We are implementing SSO for SalesForce using OpenAM. We followed the steps @ http://blogs.oracle.com/rangal/entry/saml2_salesforce_com

There are two scenarios 1. Idp (OpenAM) initiated SSO. 2. Service provider (salesForce) initiated SSO.

Scenario 1 works fine. Scenario 2 does not.

I read in SSO best practices for SalesForce that scenario 2 cannot be implemented for SalesForce SSO. Is this correct? regards Sameer

SP initiated SSO is possible with SFDC and relies on a cookie (ssostartpage) pre-existing in the browser beforehand. Meaning the user should perform IdP init SSO the first time to set the cookie, then SP init SSO is possible from that point forward.

See this post at SFDC security forum for more details.
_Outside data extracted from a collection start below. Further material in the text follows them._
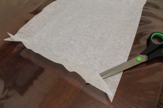 Take out the paper and cut from its corners to the indented corners on diagonals.
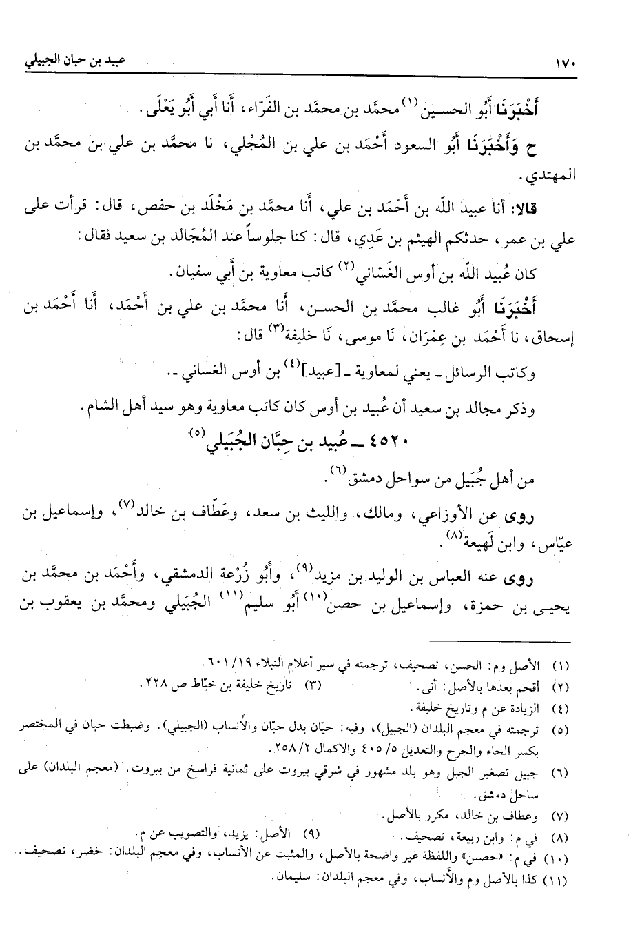 أخبرنا أبو الحسين (1) محمد بن محمد بن الفراء أنا أبي أبو يعلى ح وأخبرنا أبو السعود أحمد بن علي بن المجلي نا محمد بن علي بن محمد بن المهتدي قالا أنا عبيد الله بن أحمد بن علي أنا محمد بن مخلد بن حفص قال قرأت على علي بن عمر حدثكم الهيثم بن عدي قال كنا جلوسا عند المجالد بن سعيد فقال كان عبيد الله بن أوس الغساني (2) كاتب معاوية بن أبي سفيان أخبرنا أبو غالب محمد بن الحسن أنا محمد بن علي بن أحمد أنا أحمد بن إسحاق أنا أحمد بن عمران نا موسى نا خليفة (3) قال وكاتب الرسائل يعني لمعاوية عبيد (4) بن أوس الغساني وذكر مجالد بن سعيد أن عبيد بن أوس كان كاتب معاوية وهو سيد أهل الشام 4520 - عبيد بن حبان الجبيلي (5) من أهل جبيل من سواحل دمشق (6) روى عن الأوزاعي ومالك والليث بن سعد وعطاف بن خالد (7) وإسماعيل بن عياس وابن لهيعة (8) روى عنه العباس بن الوليد بن مزيد (9) وأبو زرعة الدمشقي وأحمد بن محمد بن يحيى بن حمزة وإسماعيل بن حصن (10) أبو سليم (11) الجبيلي ومحمد بن يعقوب بن
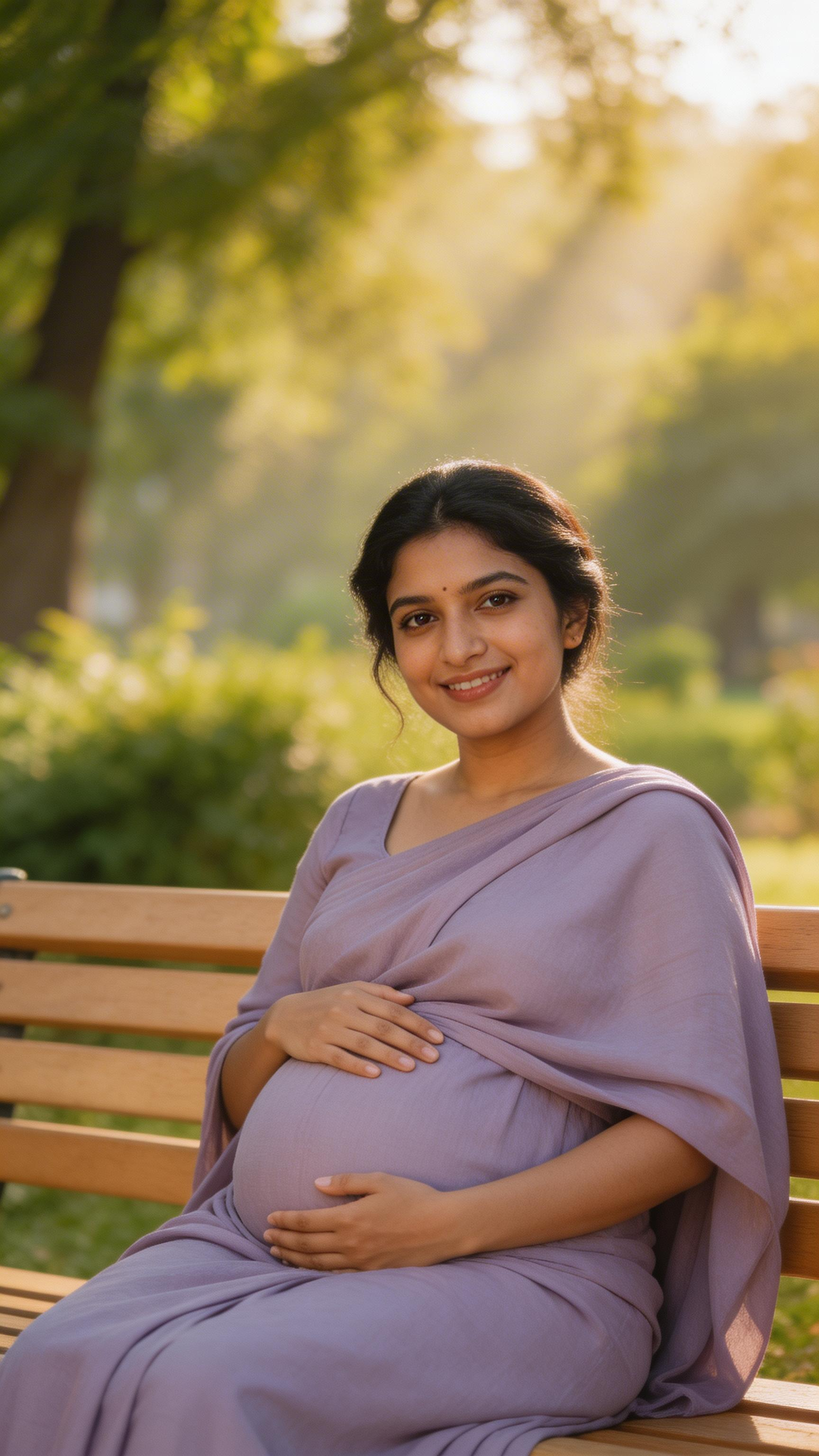 Outdoor environmental portrait of a South Asian pregnant woman sitting on a bench, relaxed smile, wearing a soft lavender sari-style maternity wrap. She looks toward camera, hands on belly. Early morning light, greenery background, professional lifestyle maternity photo; no captions, no writing; no text, no watermarks, no logos, no overlays

SP-initiated SAML SSO in Salesforce now uses the 'My Domain' feature to remove the need for the persistent cookie. Set up 'My Domain', then, when users go to http://your_cust_name.my.salesforce.com, Salesforce will use the hostname to figure out the correct identity provider (IdP) to which it will redirect the user.

This article gives a good overview of the concept, and this one explains it specifically in the context of SSO from Microsoft Active Directory Federation Services. Even if you're using different software at the IdP, there is much useful information there!